=== RECORDS PROVIDED ===
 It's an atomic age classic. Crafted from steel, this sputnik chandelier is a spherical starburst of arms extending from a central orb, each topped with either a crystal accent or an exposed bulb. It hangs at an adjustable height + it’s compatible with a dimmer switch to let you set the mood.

...

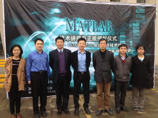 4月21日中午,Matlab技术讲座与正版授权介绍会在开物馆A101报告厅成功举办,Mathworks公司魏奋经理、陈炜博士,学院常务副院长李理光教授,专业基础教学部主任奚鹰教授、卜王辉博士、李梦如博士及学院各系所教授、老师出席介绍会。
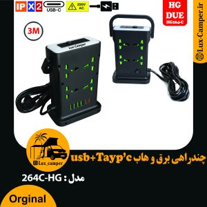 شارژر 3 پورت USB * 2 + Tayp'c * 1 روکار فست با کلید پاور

=== WHAT TO WORK ON ===
Starting at the line above that has "4月21日中午,Matlab" and ending at the line that has "شارژر 3 پورت", copy each line exactly, leaving the pictures out and adding nothing.

=== EXERCISE RESPONSE ===
 4月21日中午,Matlab技术讲座与正版授权介绍会在开物馆A101报告厅成功举办,Mathworks公司魏奋经理、陈炜博士,学院常务副院长李理光教授,专业基础教学部主任奚鹰教授、卜王辉博士、李梦如博士及学院各系所教授、老师出席介绍会。
 شارژر 3 پورت USB * 2 + Tayp'c * 1 روکار فست با کلید پاور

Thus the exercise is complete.